Felix Higl

Personal information
- Date of birth: 8 January 1997 (age 29)
- Place of birth: Cologne, Germany
- Height: 1.94 m (6 ft 4 in)
- Position: Forward

Team information
- Current team: Preußen Münster
- Number: 33

Youth career
- 0000–2012: Eintracht Freiburg
- 2012–2013: SC Freiburg
- 2013–2014: TSG Hoffenheim
- 2014–2015: Freiburger FC

Senior career*
- Years: Team / Apps / (Gls)
- 2015: Freiburger FC / 1 / (0)
- 2015–2016: 1. FC Heidenheim / 0 / (0)
- 2016–2019: Bahlinger SC / 74 / (10)
- 2019–2021: SSV Ulm / 69 / (27)
- 2021–2023: VfL Osnabrück / 63 / (6)
- 2023–2025: SSV Ulm 1846 / 63 / (12)
- 2025–2026: Greuther Fürth / 19 / (1)
- 2026–: Preußen Münster / 0 / (0)

= Felix Higl =

German footballer

Felix Higl (born 8 January 1997) is a German professional footballer who plays as a forward for club Preußen Münster.

==Career==
Born in Cologne, Higl played youth football for Eintracht Freiburg, SC Freiburg and TSG Hoffenheim before joining Freiburger FC in 2014. He made 1 senior appearance for Freiburger FC during the 2014–15 season, coming on as a substitute in a 1–1 Oberliga Baden-Württemberg draw with SV Spielberg in March 2015. He spent the 2015–16 season with the under-19s of 1. FC Heidenheim, before joining Bahlinger SC on a three-year contract in summer 2016. After 10 goals in 74 appearances for Bahlinger SC, Higl signed for Regionalliga Südwest club SSV Ulm in January 2019 on a two-and-a-half-year contract. Across two and a half seasons at Ulm, he scored 27 in 69 games.

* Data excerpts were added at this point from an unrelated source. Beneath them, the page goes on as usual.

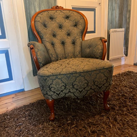 Fåtölj barockstil svart sammet vit träram
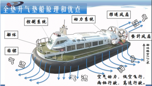 如此应用广泛的气垫船,很多人好奇它的原理是什么?气垫船是利用高压空气在船底和水面(或地面)间形成气垫,使船体全部或部分升起,减小船体航行时的阻力,实现高速航行。由于气垫船不依靠水的浮力支撑船体,所以它除了可以在水面航行,还可以在野外、沼泽地、湿地以及陆地等各种平面行驶,是水陆两栖的高性能船舶。
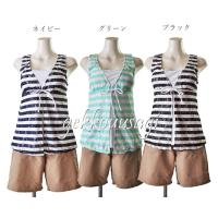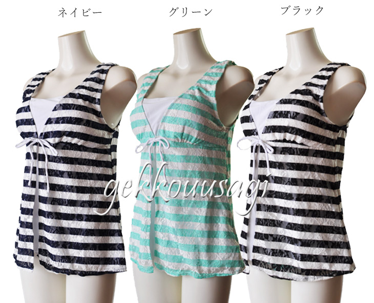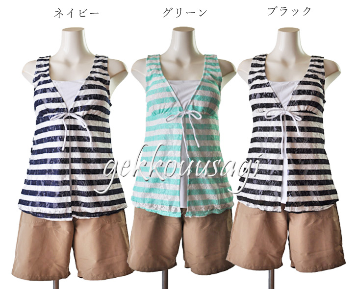 水着 レディース 体型カバー 30代 40代 50代 60代 可愛い 15号 17号 19号 ボーダー柄 3点セット 安心水着 ショートパンツ付き 可愛い水着 ネイビー・グリーン・ブラック
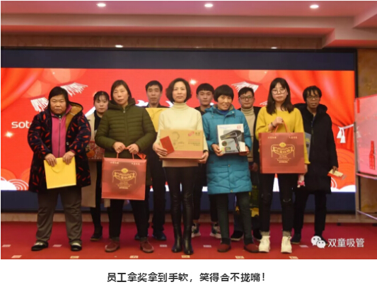 在一片歡聲笑語中,雙童吸管2018年度盛典也圓滿結(jié)束!2019年,將是“雙童”全力奔跑的一年!最后,吸管妞也要祝愿“雙童”一年更比一年好,祝福大家在新的一年工作順利,身體健康,“豬”事順利,新年快樂!
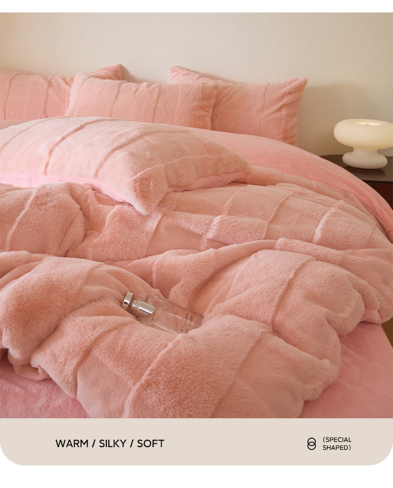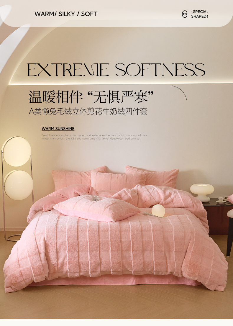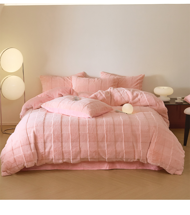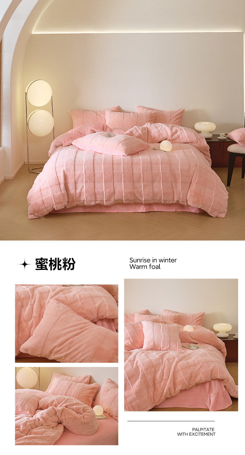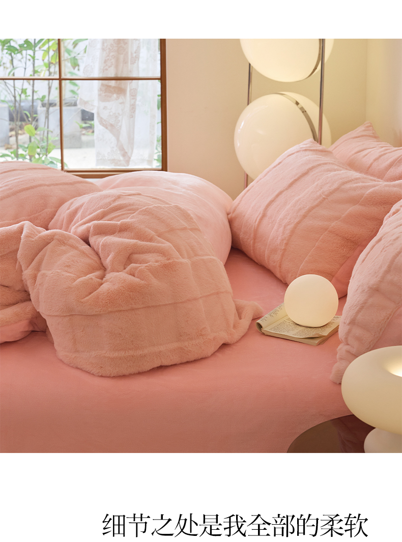 商品名称:民新 2024热款9斤獭兔毛绒兔兔绒剪花牛奶绒四件套-奢柔系列 蜜桃粉

In June 2021, Higl signed for VfL Osnabrück of the 3. Liga on a two-year contract.

On 24 June 2025, Higl signed a two-year contract with 2. Bundesliga club Greuther Fürth.

==Career statistics==

Appearances and goals by club, season and competition
Club: Season; League; Cup; Europe; Other; Total
Division: Apps; Goals; Apps; Goals; Apps; Goals; Apps; Goals; Apps; Goals
Freiburger FC: 2014–25; Oberliga Baden-Württemberg; 1; 0; 0; 0; —; —; 1; 0
Bahlinger SC: 2016–17; Oberliga Baden-Württemberg; 28; 1; 0; 0; —; 4; 0; 32; 1
2017–18: 28; 5; 0; 0; —; 3; 0; 31; 5
2018–19: 18; 4; 0; 0; —; 4; 1; 22; 8
Total: 74; 10; 0; 0; 0; 0; 11; 1; 85; 11
SSV Ulm: 2018–19; Regionalliga Südwest; 10; 9; 0; 0; —; 3; 2; 13; 11
2019–20: 20; 5; 1; 0; —; 5; 5; 26; 10
2020–21: 39; 13; 2; 1; —; 4; 8; 45; 22
Total: 69; 27; 3; 1; 0; 0; 12; 15; 84; 43
VfL Osnabrück: 2021–22; 3. Liga; 36; 4; 2; 0; —; 2; 2; 40; 6
2022–23: 27; 2; 0; 0; —; 2; 0; 29; 2
Total: 63; 6; 2; 0; 0; 0; 4; 2; 69; 8
SSV Ulm: 2023–24; 3. Liga; 34; 7; 0; 0; —; 4; 2; 38; 9
2024–25: 2. Bundesliga; 23; 4; 1; 0; —; —; 24; 4
Total: 57; 11; 1; 0; 0; 0; 4; 2; 62; 13
Career total: 264; 54; 6; 1; 0; 0; 31; 20; 301; 75

==Personal life==
Higl is the son of former Bundesliga player Alfons Higl.